What to do — Once the line with "وبشأن أداء الامتحانات" is found in the entries below, repeat it and each following line exactly, up to and including the line with "Beyaz plastik kaşığın". Add no other lines.

Exercise data —
>>>>
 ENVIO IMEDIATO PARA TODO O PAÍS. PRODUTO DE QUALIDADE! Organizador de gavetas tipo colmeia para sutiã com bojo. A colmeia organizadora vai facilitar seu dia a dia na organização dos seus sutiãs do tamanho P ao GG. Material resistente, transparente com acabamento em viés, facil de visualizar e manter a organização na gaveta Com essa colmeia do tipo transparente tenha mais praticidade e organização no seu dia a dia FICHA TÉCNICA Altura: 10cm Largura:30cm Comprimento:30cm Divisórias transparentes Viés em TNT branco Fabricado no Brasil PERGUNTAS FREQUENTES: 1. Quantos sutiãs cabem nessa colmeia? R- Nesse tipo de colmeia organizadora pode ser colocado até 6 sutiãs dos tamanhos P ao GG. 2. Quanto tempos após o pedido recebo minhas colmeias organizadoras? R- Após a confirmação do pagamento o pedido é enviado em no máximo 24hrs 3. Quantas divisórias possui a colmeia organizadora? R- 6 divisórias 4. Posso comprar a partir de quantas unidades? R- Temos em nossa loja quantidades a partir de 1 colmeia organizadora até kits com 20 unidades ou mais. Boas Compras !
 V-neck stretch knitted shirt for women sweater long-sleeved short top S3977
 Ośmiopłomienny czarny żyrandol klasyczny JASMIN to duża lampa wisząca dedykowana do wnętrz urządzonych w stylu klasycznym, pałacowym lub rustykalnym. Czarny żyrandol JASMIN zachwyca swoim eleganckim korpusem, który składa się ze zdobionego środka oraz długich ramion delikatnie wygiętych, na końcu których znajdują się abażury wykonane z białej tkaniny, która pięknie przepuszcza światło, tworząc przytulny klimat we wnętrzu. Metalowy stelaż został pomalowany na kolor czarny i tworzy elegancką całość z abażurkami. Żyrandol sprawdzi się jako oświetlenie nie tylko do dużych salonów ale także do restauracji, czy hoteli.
<<<<
>>>>
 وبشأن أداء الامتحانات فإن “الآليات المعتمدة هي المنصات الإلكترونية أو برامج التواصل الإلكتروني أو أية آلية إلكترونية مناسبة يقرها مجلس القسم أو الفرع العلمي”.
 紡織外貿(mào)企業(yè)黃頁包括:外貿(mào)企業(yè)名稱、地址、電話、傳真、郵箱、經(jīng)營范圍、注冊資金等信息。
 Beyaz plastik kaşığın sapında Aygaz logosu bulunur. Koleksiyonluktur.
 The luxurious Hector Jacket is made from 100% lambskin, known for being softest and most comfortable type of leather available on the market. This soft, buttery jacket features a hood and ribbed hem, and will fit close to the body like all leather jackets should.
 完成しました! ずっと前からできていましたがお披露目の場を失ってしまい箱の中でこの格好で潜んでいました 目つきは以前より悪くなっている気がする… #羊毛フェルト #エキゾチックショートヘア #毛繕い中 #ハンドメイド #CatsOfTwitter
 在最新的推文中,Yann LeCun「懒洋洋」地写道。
<<<<
Exercise answer —
 وبشأن أداء الامتحانات فإن “الآليات المعتمدة هي المنصات الإلكترونية أو برامج التواصل الإلكتروني أو أية آلية إلكترونية مناسبة يقرها مجلس القسم أو الفرع العلمي”.
 紡織外貿(mào)企業(yè)黃頁包括:外貿(mào)企業(yè)名稱、地址、電話、傳真、郵箱、經(jīng)營范圍、注冊資金等信息。
 Beyaz plastik kaşığın sapında Aygaz logosu bulunur. Koleksiyonluktur.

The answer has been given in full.